Fundraising StrategyCreator
Generate a complete, actionable 12-month fundraising plan tailored to your nonprofit. Includes income targets, donor growth, and grant strategy.
What Is a Fundraising Strategy?
A fundraising strategy is a structured plan that sets out how your organisation will raise the income it needs to deliver its mission. It analyses your current income position, identifies the most promising channels for growth, sets clear targets, and maps out the actions, resources, and timelines needed to achieve them.
Without a strategy, most charities and nonprofits fall into reactive fundraising — chasing any opportunity that appears, with no clear sense of which channels are working or where to invest. A strategy changes that. It helps you make deliberate choices: which channels to grow, which to maintain, and which to retire. It also helps you spot over-reliance on a single funder before it becomes a financial crisis.
Our free AI creator generates a complete strategy tailored to your organisation's context — using Gift Aid guidance and Fundraising Regulator standards for UK charities, state charitable solicitation and DAF references for US nonprofits, and general international best practice for organisations in other countries.
Who Needs a Fundraising Strategy?
What Should a Fundraising Strategy Include?
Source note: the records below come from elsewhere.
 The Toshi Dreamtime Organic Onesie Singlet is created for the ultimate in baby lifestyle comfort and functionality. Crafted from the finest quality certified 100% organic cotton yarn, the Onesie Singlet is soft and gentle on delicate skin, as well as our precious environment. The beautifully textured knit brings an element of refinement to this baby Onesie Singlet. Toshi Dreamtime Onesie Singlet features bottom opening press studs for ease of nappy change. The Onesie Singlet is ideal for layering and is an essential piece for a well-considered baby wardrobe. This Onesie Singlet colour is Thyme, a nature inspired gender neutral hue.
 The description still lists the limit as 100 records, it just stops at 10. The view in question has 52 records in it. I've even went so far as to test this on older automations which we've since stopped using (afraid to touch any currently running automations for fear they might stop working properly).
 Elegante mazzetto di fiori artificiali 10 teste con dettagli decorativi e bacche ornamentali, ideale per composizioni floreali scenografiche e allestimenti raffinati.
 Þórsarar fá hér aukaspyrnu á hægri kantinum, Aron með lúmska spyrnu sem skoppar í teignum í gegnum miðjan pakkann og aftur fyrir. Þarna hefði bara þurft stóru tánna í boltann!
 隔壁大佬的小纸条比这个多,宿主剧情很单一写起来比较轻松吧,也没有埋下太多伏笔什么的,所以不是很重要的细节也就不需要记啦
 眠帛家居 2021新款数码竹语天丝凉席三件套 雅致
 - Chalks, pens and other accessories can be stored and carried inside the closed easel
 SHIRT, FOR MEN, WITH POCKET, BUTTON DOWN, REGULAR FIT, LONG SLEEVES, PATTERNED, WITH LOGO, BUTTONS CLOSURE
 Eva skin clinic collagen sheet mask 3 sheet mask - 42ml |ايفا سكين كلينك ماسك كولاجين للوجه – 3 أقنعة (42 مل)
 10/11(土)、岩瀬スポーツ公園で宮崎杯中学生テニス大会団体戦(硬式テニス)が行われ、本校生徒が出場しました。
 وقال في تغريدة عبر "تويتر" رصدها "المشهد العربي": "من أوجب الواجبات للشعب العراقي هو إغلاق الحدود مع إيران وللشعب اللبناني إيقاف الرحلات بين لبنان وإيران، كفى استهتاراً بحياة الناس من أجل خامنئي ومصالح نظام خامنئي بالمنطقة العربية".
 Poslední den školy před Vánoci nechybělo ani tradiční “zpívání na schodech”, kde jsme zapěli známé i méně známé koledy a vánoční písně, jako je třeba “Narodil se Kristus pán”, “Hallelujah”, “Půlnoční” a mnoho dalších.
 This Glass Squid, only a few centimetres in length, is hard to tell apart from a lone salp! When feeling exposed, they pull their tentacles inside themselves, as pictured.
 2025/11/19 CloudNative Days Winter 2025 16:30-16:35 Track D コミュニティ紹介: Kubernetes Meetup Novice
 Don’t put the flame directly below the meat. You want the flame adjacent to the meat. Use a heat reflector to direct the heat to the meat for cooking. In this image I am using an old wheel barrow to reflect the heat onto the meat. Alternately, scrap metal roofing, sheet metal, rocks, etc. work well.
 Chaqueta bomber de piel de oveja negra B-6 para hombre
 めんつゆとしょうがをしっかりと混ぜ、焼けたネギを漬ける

A strong fundraising strategy covers more than a list of income targets. It starts with an honest analysis of your current position — your income mix, dependency risks, and donor base health. From there it sets realistic goals, identifies the 3–5 channels with the most growth potential for your organisation's size and capacity, and maps out how you will acquire and retain donors across each channel.
Institutional funding — trusts, foundations, and government grants — deserves its own section, including a pipeline management approach and a dependency risk assessment. For UK charities, this means checking whether Gift Aid declarations are in place and whether the Fundraising Regulator's consent requirements are being met. For US nonprofits, it means tracking state charitable solicitation registrations and understanding which states require annual renewals.
The most actionable fundraising strategies close with a prioritised 12-month action plan — a concrete list of what needs to happen, who owns it, by when, and how success will be measured. This is what turns a strategy document into a working management tool rather than a document that sits on a shelf.
Frequently Asked Questions
How often should a charity update its fundraising strategy?
Most charities review their fundraising strategy annually, with a lighter quarterly check on income performance against targets. A major review is triggered when income drops significantly, a key funder exits, the organisation's mission or programmes change, or a new fundraising leader joins. The strategy should be a living document — updated as you learn what works, not a fixed plan you commit to rigidly for three years.
What is a good income diversity target for a charity?
A commonly cited benchmark is that no single funder should represent more than 30–40% of total income. In practice, many small charities are more concentrated than this — especially those that have grown quickly through a single large grant. The goal is not to hit a specific number immediately but to have a plan to reduce concentration over 1–3 years. The Charity Commission highlights income dependency risk in its financial health guidance, and many funders now ask directly about this in application forms.
Should a small charity with limited capacity even have a fundraising strategy?
Yes — and a small strategy is better than none. Even a two-page document that says "we will focus on trusts and foundations this year, aim to grow individual giving by 20%, and not pursue corporate partnerships until we have more capacity" is enormously valuable. It helps the board understand how income will be maintained, gives the executive director a framework for prioritising their time, and builds the discipline of tracking what works. Our tool generates a full strategy, but you can use it as a starting point and trim it down to the sections most relevant to your size.
What is Gift Aid and should it feature in a UK fundraising strategy?
Gift Aid is a UK government scheme that allows eligible charities to reclaim 25p of tax for every £1 donated by a UK taxpayer — effectively increasing the value of a donation by 25% at no extra cost to the donor. It should feature prominently in any UK charity's fundraising strategy for individual giving. To claim Gift Aid, donors must sign a Gift Aid declaration and charities must be registered with HMRC. The Gift Aid Small Donations Scheme (GASDS) allows charities to claim top-up payments on small cash or contactless donations without a declaration, up to £8,000 per year. Our strategy generator includes Gift Aid recommendations automatically for UK charities.